Sacred texts from Christianity, Judaism and Islam are to be displayed side by side in an exhibition showing what the three great faiths have in common.

The exhibition includes one of the earliest surviving Korans, completed in the Arabian peninsula 160 years after the death of the Prophet Mohamed, and an elaborate book of fatwas.

Blasphemous and esoteric documents will also be on show. A 6th-century Christian text, suppressed by the church because it omits the genealogy of Christ, will be displayed, along with a Jewish manuscript containing an illustration of God's face - forbidden in Jewish tradition.

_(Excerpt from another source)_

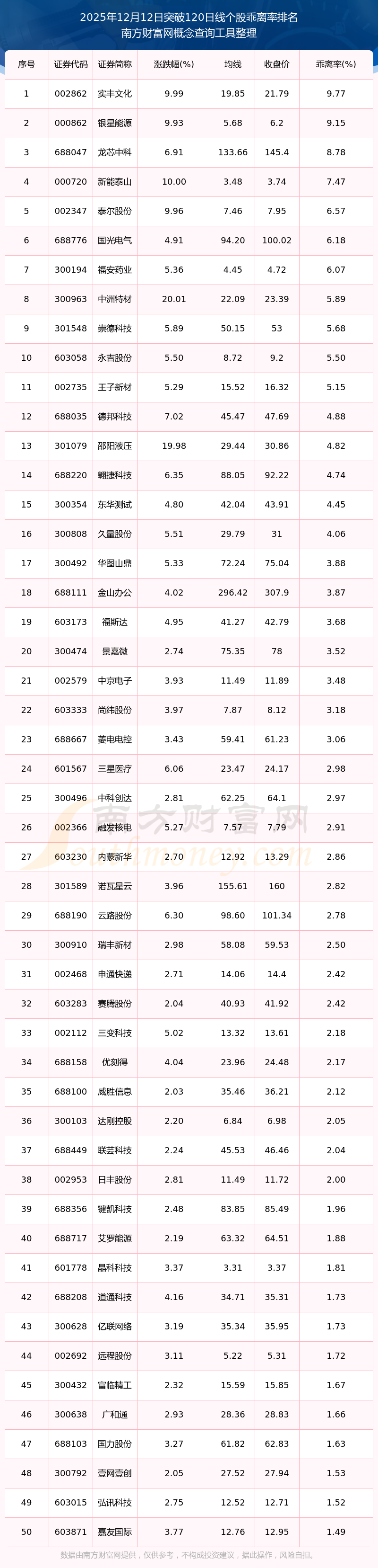 根據(jù)南方財(cái)富網(wǎng)概念查詢工具數(shù)據(jù)統(tǒng)計(jì),截止2025年12月12日收盤,共有75只個(gè)股收盤價(jià)向上突破了半年線,其中乖離率較大的個(gè)股有實(shí)豐文化、銀星能源、龍芯中科、新能泰山、泰爾股份等,乖離率分別為9.77%、9.15%、8.78%、7.47%、6.57%。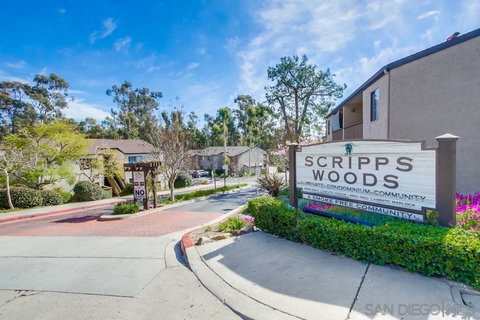 FANTASTIC location within the complex which includes a PRIVATE one car garage! This unit is one of a kind. It sits on the end offering tons of natural light, with a big picture window in the dining room and large slider to the balcony in the living room. In addition you also have a PRIVATE enclosed patio. The unit has been upgraded with pristine white cabinetry, luxury vinyl floors, newer windows, decorative ceiling fans and lights, and extra storage. The bedroom features a walk in closet along with an additional sliding closet, extra linen cabinet, and another mirrored closet in the dining area. The unit offers tree views and a serene setting. Ideal location in Scripps Ranch close to many parks, shopping, and the I15. The unit sits above the private garage. The condo is single level but there are some steps from the exterior to get to the unit itself. There is no washer and dryer inside the unit, but conveniently there are multiple community units with one being the little building just to the right of the garage. Equipment: Garage Door Opener, Range/Oven Sewer: Sewer Connected Topography: LL

The Torah scroll used by Chinese Jews of Kaifeng, a remote community which no longer exists, is made of strips of sheepskin sewn together with silk thread, rather than customary animal sinews. Many of the manuscripts have never been publicly displayed, including an extremely rare 16th-century book of psalms in Arabic.

Manuscripts from collections around the world, including the Royal Library in Rabat, Morocco, will sit alongside texts in the British Library's own collection, such as the Lindisfarne Gospels, considered the masterpiece of early Anglo-Saxon book production.

"At a time when religion and inter-faith relations feature prominently in Britain, we hope the Sacred exhibition will contribute to a greater understanding of these three faiths," said Rona Levin of the British Library. "This is the first time sacred texts from these three faiths have been displayed together side by side."